STUDY MATERIAL:
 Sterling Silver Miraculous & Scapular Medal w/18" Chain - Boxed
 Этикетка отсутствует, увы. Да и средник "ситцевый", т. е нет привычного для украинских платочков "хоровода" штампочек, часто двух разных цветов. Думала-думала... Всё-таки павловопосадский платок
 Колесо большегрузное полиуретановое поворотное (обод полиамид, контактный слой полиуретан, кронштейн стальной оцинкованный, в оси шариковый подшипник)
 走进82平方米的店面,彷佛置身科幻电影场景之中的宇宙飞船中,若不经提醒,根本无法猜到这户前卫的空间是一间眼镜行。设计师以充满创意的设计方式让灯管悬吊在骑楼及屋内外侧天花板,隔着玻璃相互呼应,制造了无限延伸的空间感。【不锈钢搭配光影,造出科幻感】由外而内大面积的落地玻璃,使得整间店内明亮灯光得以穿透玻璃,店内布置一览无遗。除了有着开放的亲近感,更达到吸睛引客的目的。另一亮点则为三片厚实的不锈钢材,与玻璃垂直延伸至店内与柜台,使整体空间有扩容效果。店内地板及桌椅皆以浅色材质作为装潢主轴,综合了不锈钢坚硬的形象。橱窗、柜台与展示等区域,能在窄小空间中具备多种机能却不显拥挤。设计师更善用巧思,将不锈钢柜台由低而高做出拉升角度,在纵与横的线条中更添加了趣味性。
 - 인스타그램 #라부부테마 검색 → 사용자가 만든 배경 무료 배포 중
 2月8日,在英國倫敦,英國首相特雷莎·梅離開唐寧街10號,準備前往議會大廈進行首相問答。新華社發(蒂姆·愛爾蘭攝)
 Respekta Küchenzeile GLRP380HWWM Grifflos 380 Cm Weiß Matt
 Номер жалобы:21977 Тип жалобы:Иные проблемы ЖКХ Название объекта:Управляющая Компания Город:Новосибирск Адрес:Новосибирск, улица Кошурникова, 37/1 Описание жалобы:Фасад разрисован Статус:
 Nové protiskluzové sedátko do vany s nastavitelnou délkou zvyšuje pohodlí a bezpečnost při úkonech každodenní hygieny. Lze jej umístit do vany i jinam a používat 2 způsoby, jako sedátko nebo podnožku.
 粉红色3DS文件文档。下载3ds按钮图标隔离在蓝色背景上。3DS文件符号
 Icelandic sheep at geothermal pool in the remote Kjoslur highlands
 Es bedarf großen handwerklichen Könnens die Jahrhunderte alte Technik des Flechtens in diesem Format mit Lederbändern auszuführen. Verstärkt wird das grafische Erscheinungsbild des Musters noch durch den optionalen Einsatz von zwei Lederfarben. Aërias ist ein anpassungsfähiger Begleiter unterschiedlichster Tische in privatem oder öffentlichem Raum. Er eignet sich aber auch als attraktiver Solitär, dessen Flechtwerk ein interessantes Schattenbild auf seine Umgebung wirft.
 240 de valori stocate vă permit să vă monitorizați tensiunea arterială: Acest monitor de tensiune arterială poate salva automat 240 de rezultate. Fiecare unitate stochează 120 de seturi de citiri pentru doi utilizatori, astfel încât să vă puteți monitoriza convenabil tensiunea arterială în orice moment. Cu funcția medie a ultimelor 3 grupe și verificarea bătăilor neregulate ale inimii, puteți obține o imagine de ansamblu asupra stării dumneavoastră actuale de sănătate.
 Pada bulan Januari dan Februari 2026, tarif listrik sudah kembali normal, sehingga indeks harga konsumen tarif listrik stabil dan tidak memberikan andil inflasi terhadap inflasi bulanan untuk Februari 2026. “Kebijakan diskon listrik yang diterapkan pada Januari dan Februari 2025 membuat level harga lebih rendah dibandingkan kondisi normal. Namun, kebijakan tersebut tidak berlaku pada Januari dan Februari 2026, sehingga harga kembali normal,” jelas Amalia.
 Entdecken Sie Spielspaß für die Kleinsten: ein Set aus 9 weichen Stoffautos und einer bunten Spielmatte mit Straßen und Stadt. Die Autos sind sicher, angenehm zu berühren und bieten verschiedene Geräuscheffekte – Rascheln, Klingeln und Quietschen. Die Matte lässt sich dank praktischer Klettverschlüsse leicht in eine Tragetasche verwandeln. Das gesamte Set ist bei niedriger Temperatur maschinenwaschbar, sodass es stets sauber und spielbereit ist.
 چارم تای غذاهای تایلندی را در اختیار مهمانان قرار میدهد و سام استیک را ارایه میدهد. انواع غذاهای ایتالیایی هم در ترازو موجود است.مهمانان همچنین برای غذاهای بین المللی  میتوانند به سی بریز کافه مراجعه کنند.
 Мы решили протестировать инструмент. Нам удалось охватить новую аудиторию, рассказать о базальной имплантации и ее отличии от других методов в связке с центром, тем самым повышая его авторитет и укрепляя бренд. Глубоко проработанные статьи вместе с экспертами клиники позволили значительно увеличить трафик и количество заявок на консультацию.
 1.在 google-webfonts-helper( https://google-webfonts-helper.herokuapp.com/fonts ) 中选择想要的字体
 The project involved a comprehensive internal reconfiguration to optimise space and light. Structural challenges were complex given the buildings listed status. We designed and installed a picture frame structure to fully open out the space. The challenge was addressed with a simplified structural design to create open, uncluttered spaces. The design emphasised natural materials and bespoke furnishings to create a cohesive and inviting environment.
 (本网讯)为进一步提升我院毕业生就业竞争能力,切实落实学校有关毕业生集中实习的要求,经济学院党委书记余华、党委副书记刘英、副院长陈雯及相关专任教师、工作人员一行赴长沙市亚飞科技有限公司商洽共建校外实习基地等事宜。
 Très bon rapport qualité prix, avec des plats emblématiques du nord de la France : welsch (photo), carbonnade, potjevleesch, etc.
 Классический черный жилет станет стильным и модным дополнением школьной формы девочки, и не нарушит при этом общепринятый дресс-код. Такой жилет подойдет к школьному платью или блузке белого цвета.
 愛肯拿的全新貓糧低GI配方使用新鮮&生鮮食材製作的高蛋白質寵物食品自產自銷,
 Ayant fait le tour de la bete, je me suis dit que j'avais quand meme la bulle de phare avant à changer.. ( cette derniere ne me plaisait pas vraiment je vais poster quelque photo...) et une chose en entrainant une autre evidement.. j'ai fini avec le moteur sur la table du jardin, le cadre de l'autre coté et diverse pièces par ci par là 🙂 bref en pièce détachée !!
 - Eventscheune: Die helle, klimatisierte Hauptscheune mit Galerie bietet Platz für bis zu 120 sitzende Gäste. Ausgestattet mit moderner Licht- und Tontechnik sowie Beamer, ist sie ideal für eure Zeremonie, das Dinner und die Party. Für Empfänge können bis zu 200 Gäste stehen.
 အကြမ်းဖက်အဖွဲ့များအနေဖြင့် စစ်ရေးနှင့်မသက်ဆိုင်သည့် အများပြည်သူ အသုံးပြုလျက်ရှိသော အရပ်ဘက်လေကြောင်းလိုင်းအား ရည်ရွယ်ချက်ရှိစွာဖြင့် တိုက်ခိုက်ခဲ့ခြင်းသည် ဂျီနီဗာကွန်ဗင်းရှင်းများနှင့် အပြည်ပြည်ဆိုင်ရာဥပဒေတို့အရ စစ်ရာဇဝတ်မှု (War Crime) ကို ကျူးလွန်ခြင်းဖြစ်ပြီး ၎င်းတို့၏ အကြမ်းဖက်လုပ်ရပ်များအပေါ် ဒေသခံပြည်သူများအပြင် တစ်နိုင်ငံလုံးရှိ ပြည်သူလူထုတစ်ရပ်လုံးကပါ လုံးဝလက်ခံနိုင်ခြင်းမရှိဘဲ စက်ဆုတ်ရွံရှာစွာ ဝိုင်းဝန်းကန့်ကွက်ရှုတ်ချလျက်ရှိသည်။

PROBLEM DETAILS: From the first line to the last, set down every record exactly as written above.

EXPECTED ANSWER:
 Sterling Silver Miraculous & Scapular Medal w/18" Chain - Boxed
 Этикетка отсутствует, увы. Да и средник "ситцевый", т. е нет привычного для украинских платочков "хоровода" штампочек, часто двух разных цветов. Думала-думала... Всё-таки павловопосадский платок
 Колесо большегрузное полиуретановое поворотное (обод полиамид, контактный слой полиуретан, кронштейн стальной оцинкованный, в оси шариковый подшипник)
 走进82平方米的店面,彷佛置身科幻电影场景之中的宇宙飞船中,若不经提醒,根本无法猜到这户前卫的空间是一间眼镜行。设计师以充满创意的设计方式让灯管悬吊在骑楼及屋内外侧天花板,隔着玻璃相互呼应,制造了无限延伸的空间感。【不锈钢搭配光影,造出科幻感】由外而内大面积的落地玻璃,使得整间店内明亮灯光得以穿透玻璃,店内布置一览无遗。除了有着开放的亲近感,更达到吸睛引客的目的。另一亮点则为三片厚实的不锈钢材,与玻璃垂直延伸至店内与柜台,使整体空间有扩容效果。店内地板及桌椅皆以浅色材质作为装潢主轴,综合了不锈钢坚硬的形象。橱窗、柜台与展示等区域,能在窄小空间中具备多种机能却不显拥挤。设计师更善用巧思,将不锈钢柜台由低而高做出拉升角度,在纵与横的线条中更添加了趣味性。
 - 인스타그램 #라부부테마 검색 → 사용자가 만든 배경 무료 배포 중
 2月8日,在英國倫敦,英國首相特雷莎·梅離開唐寧街10號,準備前往議會大廈進行首相問答。新華社發(蒂姆·愛爾蘭攝)
 Respekta Küchenzeile GLRP380HWWM Grifflos 380 Cm Weiß Matt
 Номер жалобы:21977 Тип жалобы:Иные проблемы ЖКХ Название объекта:Управляющая Компания Город:Новосибирск Адрес:Новосибирск, улица Кошурникова, 37/1 Описание жалобы:Фасад разрисован Статус:
 Nové protiskluzové sedátko do vany s nastavitelnou délkou zvyšuje pohodlí a bezpečnost při úkonech každodenní hygieny. Lze jej umístit do vany i jinam a používat 2 způsoby, jako sedátko nebo podnožku.
 粉红色3DS文件文档。下载3ds按钮图标隔离在蓝色背景上。3DS文件符号
 Icelandic sheep at geothermal pool in the remote Kjoslur highlands
 Es bedarf großen handwerklichen Könnens die Jahrhunderte alte Technik des Flechtens in diesem Format mit Lederbändern auszuführen. Verstärkt wird das grafische Erscheinungsbild des Musters noch durch den optionalen Einsatz von zwei Lederfarben. Aërias ist ein anpassungsfähiger Begleiter unterschiedlichster Tische in privatem oder öffentlichem Raum. Er eignet sich aber auch als attraktiver Solitär, dessen Flechtwerk ein interessantes Schattenbild auf seine Umgebung wirft.
 240 de valori stocate vă permit să vă monitorizați tensiunea arterială: Acest monitor de tensiune arterială poate salva automat 240 de rezultate. Fiecare unitate stochează 120 de seturi de citiri pentru doi utilizatori, astfel încât să vă puteți monitoriza convenabil tensiunea arterială în orice moment. Cu funcția medie a ultimelor 3 grupe și verificarea bătăilor neregulate ale inimii, puteți obține o imagine de ansamblu asupra stării dumneavoastră actuale de sănătate.
 Pada bulan Januari dan Februari 2026, tarif listrik sudah kembali normal, sehingga indeks harga konsumen tarif listrik stabil dan tidak memberikan andil inflasi terhadap inflasi bulanan untuk Februari 2026. “Kebijakan diskon listrik yang diterapkan pada Januari dan Februari 2025 membuat level harga lebih rendah dibandingkan kondisi normal. Namun, kebijakan tersebut tidak berlaku pada Januari dan Februari 2026, sehingga harga kembali normal,” jelas Amalia.
 Entdecken Sie Spielspaß für die Kleinsten: ein Set aus 9 weichen Stoffautos und einer bunten Spielmatte mit Straßen und Stadt. Die Autos sind sicher, angenehm zu berühren und bieten verschiedene Geräuscheffekte – Rascheln, Klingeln und Quietschen. Die Matte lässt sich dank praktischer Klettverschlüsse leicht in eine Tragetasche verwandeln. Das gesamte Set ist bei niedriger Temperatur maschinenwaschbar, sodass es stets sauber und spielbereit ist.
 چارم تای غذاهای تایلندی را در اختیار مهمانان قرار میدهد و سام استیک را ارایه میدهد. انواع غذاهای ایتالیایی هم در ترازو موجود است.مهمانان همچنین برای غذاهای بین المللی  میتوانند به سی بریز کافه مراجعه کنند.
 Мы решили протестировать инструмент. Нам удалось охватить новую аудиторию, рассказать о базальной имплантации и ее отличии от других методов в связке с центром, тем самым повышая его авторитет и укрепляя бренд. Глубоко проработанные статьи вместе с экспертами клиники позволили значительно увеличить трафик и количество заявок на консультацию.
 1.在 google-webfonts-helper( https://google-webfonts-helper.herokuapp.com/fonts ) 中选择想要的字体
 The project involved a comprehensive internal reconfiguration to optimise space and light. Structural challenges were complex given the buildings listed status. We designed and installed a picture frame structure to fully open out the space. The challenge was addressed with a simplified structural design to create open, uncluttered spaces. The design emphasised natural materials and bespoke furnishings to create a cohesive and inviting environment.
 (本网讯)为进一步提升我院毕业生就业竞争能力,切实落实学校有关毕业生集中实习的要求,经济学院党委书记余华、党委副书记刘英、副院长陈雯及相关专任教师、工作人员一行赴长沙市亚飞科技有限公司商洽共建校外实习基地等事宜。
 Très bon rapport qualité prix, avec des plats emblématiques du nord de la France : welsch (photo), carbonnade, potjevleesch, etc.
 Классический черный жилет станет стильным и модным дополнением школьной формы девочки, и не нарушит при этом общепринятый дресс-код. Такой жилет подойдет к школьному платью или блузке белого цвета.
 愛肯拿的全新貓糧低GI配方使用新鮮&生鮮食材製作的高蛋白質寵物食品自產自銷,
 Ayant fait le tour de la bete, je me suis dit que j'avais quand meme la bulle de phare avant à changer.. ( cette derniere ne me plaisait pas vraiment je vais poster quelque photo...) et une chose en entrainant une autre evidement.. j'ai fini avec le moteur sur la table du jardin, le cadre de l'autre coté et diverse pièces par ci par là 🙂 bref en pièce détachée !!
 - Eventscheune: Die helle, klimatisierte Hauptscheune mit Galerie bietet Platz für bis zu 120 sitzende Gäste. Ausgestattet mit moderner Licht- und Tontechnik sowie Beamer, ist sie ideal für eure Zeremonie, das Dinner und die Party. Für Empfänge können bis zu 200 Gäste stehen.
 အကြမ်းဖက်အဖွဲ့များအနေဖြင့် စစ်ရေးနှင့်မသက်ဆိုင်သည့် အများပြည်သူ အသုံးပြုလျက်ရှိသော အရပ်ဘက်လေကြောင်းလိုင်းအား ရည်ရွယ်ချက်ရှိစွာဖြင့် တိုက်ခိုက်ခဲ့ခြင်းသည် ဂျီနီဗာကွန်ဗင်းရှင်းများနှင့် အပြည်ပြည်ဆိုင်ရာဥပဒေတို့အရ စစ်ရာဇဝတ်မှု (War Crime) ကို ကျူးလွန်ခြင်းဖြစ်ပြီး ၎င်းတို့၏ အကြမ်းဖက်လုပ်ရပ်များအပေါ် ဒေသခံပြည်သူများအပြင် တစ်နိုင်ငံလုံးရှိ ပြည်သူလူထုတစ်ရပ်လုံးကပါ လုံးဝလက်ခံနိုင်ခြင်းမရှိဘဲ စက်ဆုတ်ရွံရှာစွာ ဝိုင်းဝန်းကန့်ကွက်ရှုတ်ချလျက်ရှိသည်။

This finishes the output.